To make a specific proposal for splitting up this PRs' functionality as suggested by @tustvold -- #6965 (comment), one way to do so would be:

First PR: Reader improvements / tests showing reading existing .avro files
Second PR: Minimal Writer support (with tests showing round tripping for a few basic data types)
Subsequent PRs: Additional PRs to support writing additional data types
The rationale for breaking it up this way would be to have better confidence in the read path to ensure round tripping also works as needed

The code remaining in this PR successfully reads all .avro test files in the repository, including the Impala files. If this approach is acceptable, I can create a follow-up PR for the Avro Reader, ReaderBuilder, etc., once this is merged.
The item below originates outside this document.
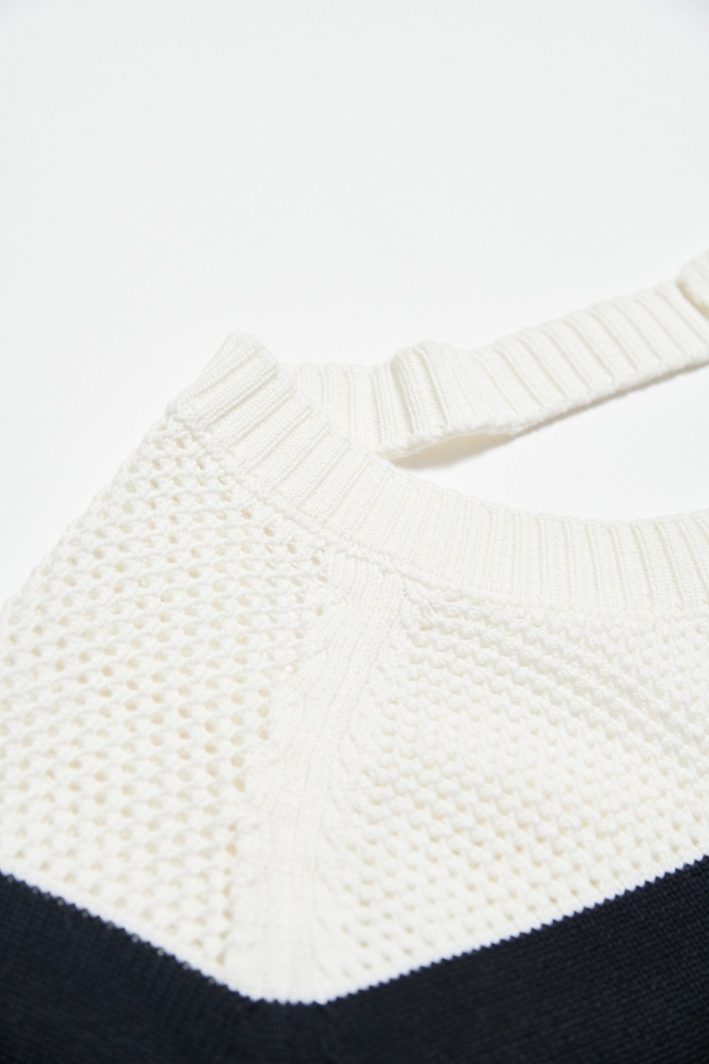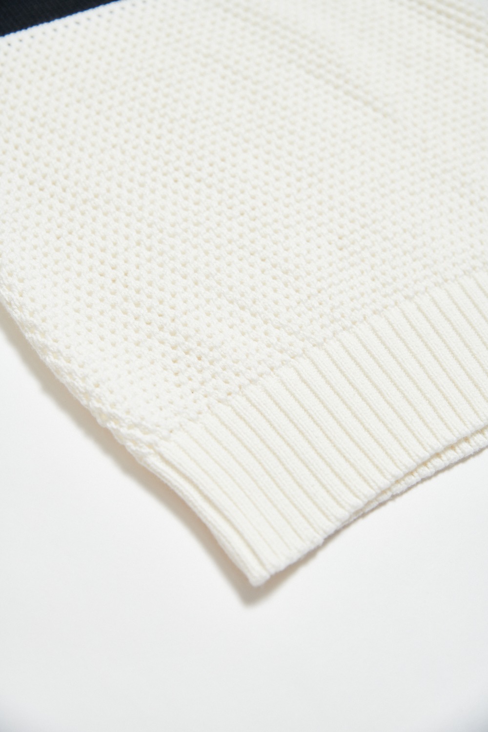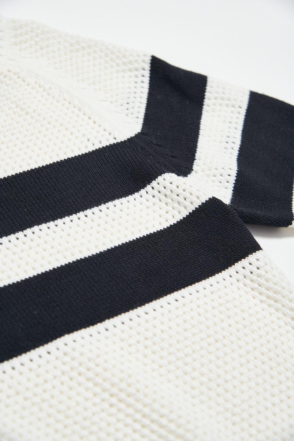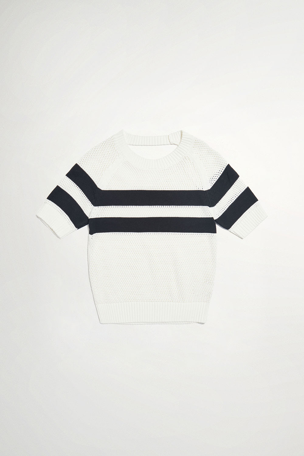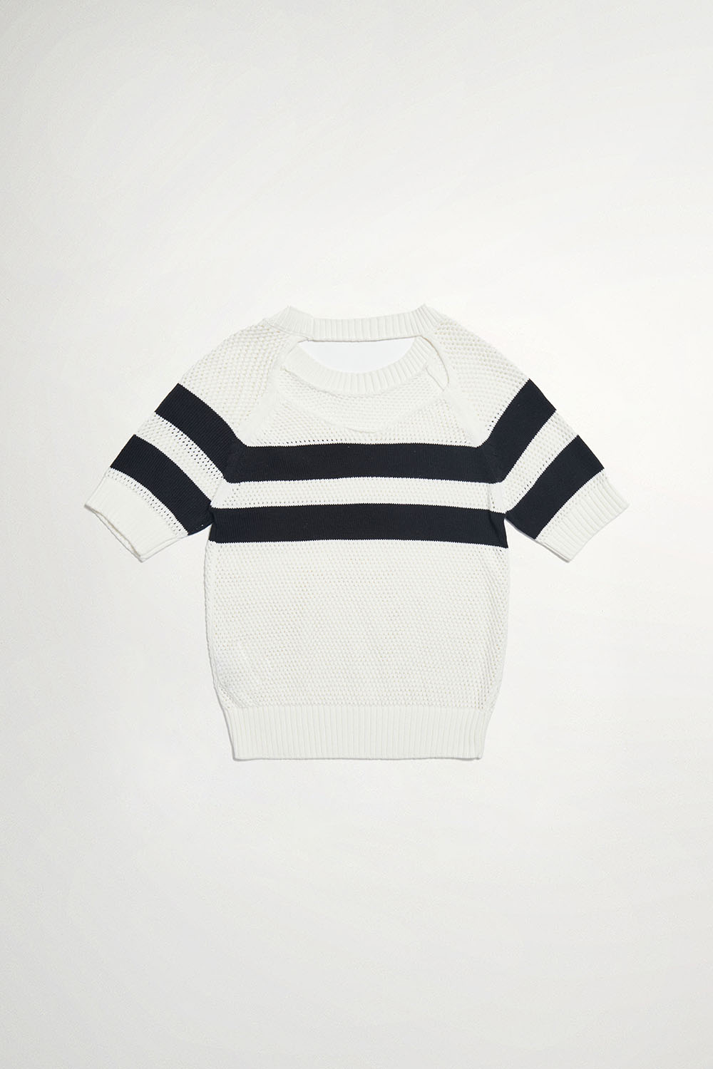 輕映存在條紋鏤空圓領五分袖上衣 - 無瑕純白, 38

If I further split the changes, the .avro file tests will no longer all pass. If that level of granularity is required, could you provide guidance on how to break down the PRs by .avro file?

CC: @svencowart

@jecsand838 jecsand838 requested a review from alamb February 15, 2025 23:40
@jecsand838 jecsand838 changed the title Avro codec enhancements + Avro Reader Avro codec enhancements Feb 15, 2025
@alamb
Copy link
Contributor

alamb commented Feb 16, 2025

Thanks @jecsand838 -- I am out on vacation this week so I may not have time to review this PR for a while. I have put it on my list however

@jecsand838
Copy link
Author

I am out on vacation this week so I may not have time to review this PR for a while. I have put it on my list however

@alamb Completely understand!

Also I pushed a fix for that lint error. All of the clippy tests should be passing now.

@klion26
Copy link
Member

klion26 commented Mar 7, 2025

Thanks for the contribution.

I have some question after apply this patch when using the following code

    #[test]
    fn test_contet() {
        let file = "/path/to/56f216f3-7e24-40b0-a76a-87a63a5bc254-m0.avro";
        let rb: RecordBatch = read_file(file, 1024, false);
        println!("{:?}", rb);
    }

encounter the exception, not sure is it the check too strict?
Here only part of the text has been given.